Como en aquella ocasión Jesús, en su camino a Jerusalén, pasaba por Jericó. Hoy y cada día, Jesús pasa por nuestra vida y nos llama por nuestro nombre. Zaqueo no había visto nunca a Jesús, había oído hablar de Él y sentía curiosidad por saber quién era aquel maestro tan célebre. Jesús, en cambio, sí conocía a Zaqueo y las miserias de su vida. Jesús sabía cómo se había enriquecido y cómo era odiado y marginado por sus convecinos; por eso, pasó por Jericó para sacarle de ese pozo: «El Hijo del Hombre ha venido a buscar y a salvar lo que estaba perdido» (Lc 19,10).

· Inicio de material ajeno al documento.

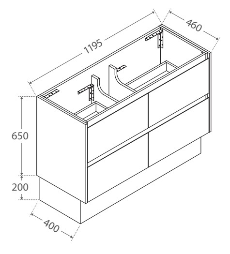 Width: 1200mm x Depth: 465mm x Height: 870mm
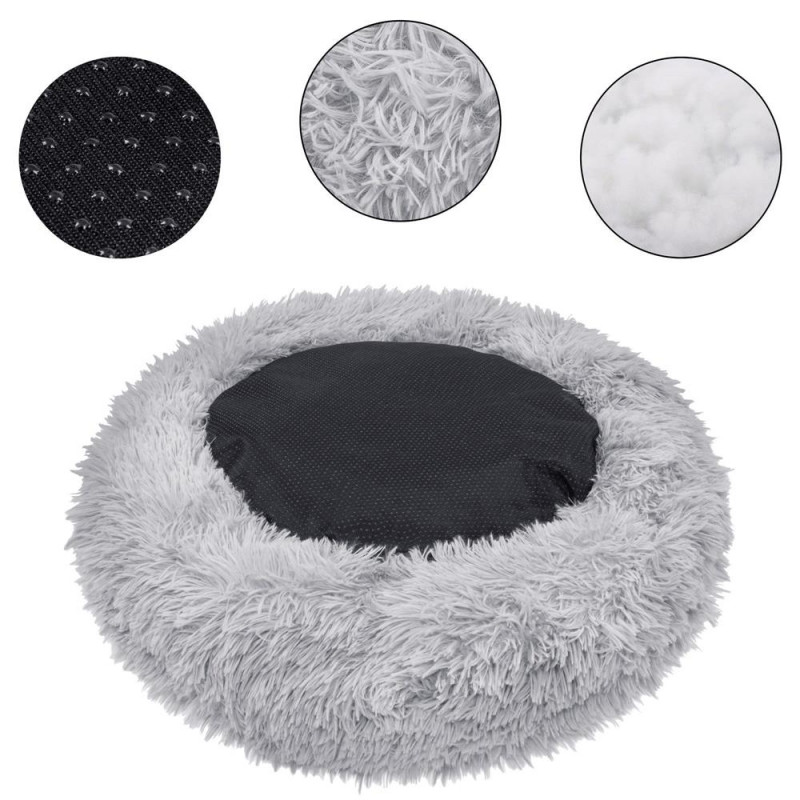 Baza antiderapanta: da Acest pat pufos pentru catei si pisici va oferi animalului de companie un loc confortabil pentru odihna si somn. Materialul extrem de placut si pufos ofera un confort extraordinar, oferind in acelasi timp cainilor sau pisicilor un colt cald si sigur. Culcusul prezentat va fi un loc din care animalul tau de companie nu va dori sa se miste! Structura placuta, moale Materialul din care a fost facut patul va permite fiecarui animal de companie sa se simta confortabil si placut. Puful lung, extrem de placut la atingere, va infasoara animalul de companie, mentinandu-l cald. In plus, materialul moale si delicat nu va irita pielea animalutului. Fundul antiderapant, lipit ferm de sol Un mare avantaj al patului este baza sa, care este echipata cu butoane de cauciuc antiderapante, pentru a preveni alunecarea, oferind atat cainilor mai in varsta, cat si cateilor vioi, un sentiment de siguranta. Potrivit pentru a fi spalat in masina Dupa cum stiti, animalelor de companie le place adesea sa se murdareasca si astfel pot murdari culcusul. Tot ce trebuie sa faceti este sa indepartati bumbacul de umplutura – ascuns in spatele fermoarului din partea de jos – si sa spalati patul la 30 de grade. In plus, posibilitatea de a patrunde in interiorul produsului permite inlocuirea umplerii acestuia. Atentie! Umplutura nu poate fi spalata! Patul pufos nu este doar un element confortabil al animalului de companie, ci si un plus de design pentru interior dumneavoastra. Culoarea frumoasa, manopera solida si forma atractiva fac ca produsul sa arate elegant si eficient.

El encuentro del Maestro con el publicano cambió radicalmente la vida de este último. Después de haber oído el Evangelio, piensa en la oportunidad que Dios te brinda hoy y que tú no debes desaprovechar: Jesucristo pasa por tu vida y te llama por tu nombre, porque te ama y quiere salvarte, ¿en qué pozo estás atrapado? Así como Zaqueo subió a un árbol para ver a Jesús, sube tú ahora con Jesús al árbol de la cruz y sabrás quien es Él, conocerás la inmensidad de su amor, ya que «elige a un jefe de publicanos: ¿quién desesperará de sí mismo cuando éste alcanza la gracia?» (San Ambrosio).